The rubber's hit the road in the Parliamentary precincts and the stench is overpowering, particularly for those who a fortnight ago were clinging on to hope, and that's not just the politicians.

They're outnumbered by bureaucrats and those who were hired from civvy street.

The Beehive has arguably one of the biggest newsrooms in the country, former journalists all spinning on behalf of their ministers.

National's ministerial press secretaries have been given their marching orders while the new lot shoulder tap others to take their place.

Meanwhile the new Prime Minister's chief of staff, Neale Jones, who took the role under Andrew Little, plans to leave his current job but says he is still considering a new post in the administration.

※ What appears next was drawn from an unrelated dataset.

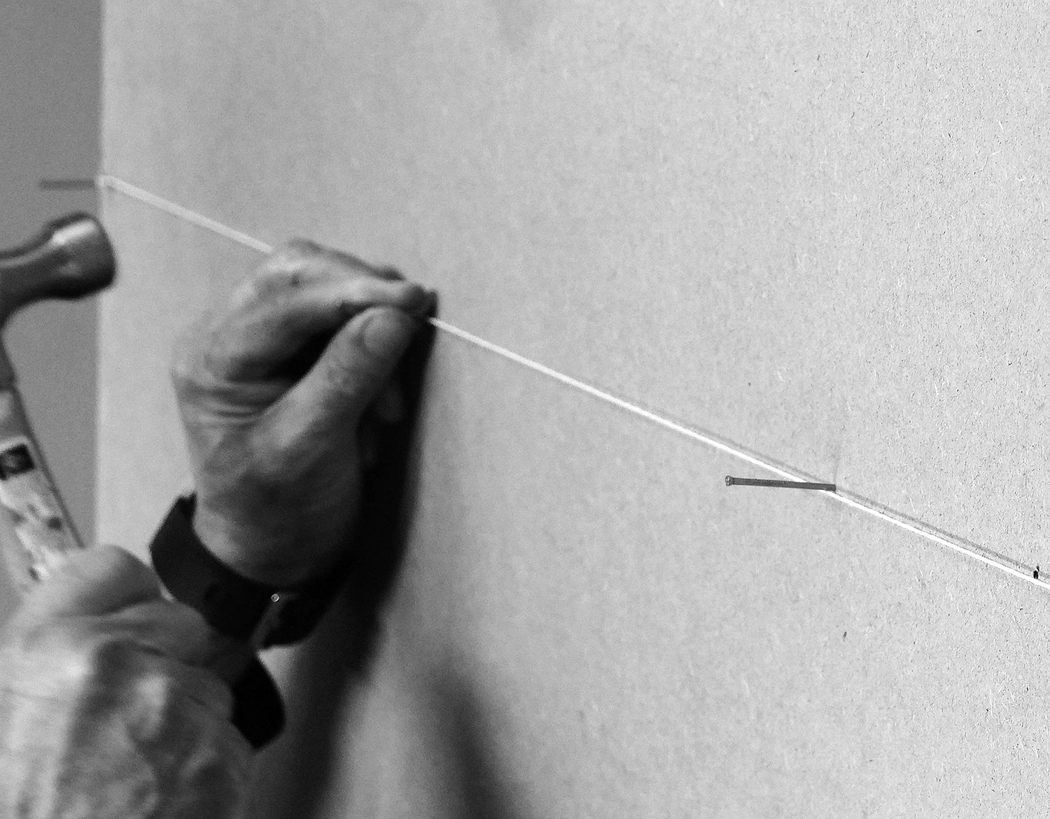 Tip 2: To help ensure an absolute straight starter line with the first plank, we recommend you tap 1 1⁄2" finish nails halfway into the wall along the starting line at every 12". The protruding nails will help position the starter planks along the starting line before they are adhered to the wall. This procedure will not be possible when installing over a block wall. Use extra caution to ensure your first row is straight if you are not able to use nails as a guide.

Also, Winston Peters' chief of staff David Broome has moved on.

Peters has now moved into the Deputy Prime Minister's suite on the seventh floor of the Beehive.

The cleaners, after the rip roaring dance party thrown by the Westie Paula Bennett on the night Peters turned his back on the Nats, must have worked overtime to get it back in shape for his occupation. 

Today amid the chaos Labour MPs will meet for the first time in National's old caucus room before Ardern's new Cabinet meets formally on the Beehive's tenth floor for their first down-to-business meeting, and there's plenty of that confronting her Government as the requests to make good on the promises made over the past few months flood in.

The Nats seem to have given their MPs another week off, or maybe it's too raw to be meeting in the Labour caucus room that they haven't seen for almost a decade.

Other than Bennett's office, the unsafety of the Beehive referred to by Peters has nothing to do with sudden changes of fortune for those who occupy it.

More than 30 years ago Legionnaires' disease lurked in the water tank in the bowels of the building.

When David Lange occupied the ninth floor he thought he may have contracted it but as usual made light of the disease actually being in the building saying, that apart from a few of his caucus wets, he presumed that few would spend much time in the water tank in the basement.

Risk factors include being over 50 and being a smoker - so clearly Peters has moved in at his own peril.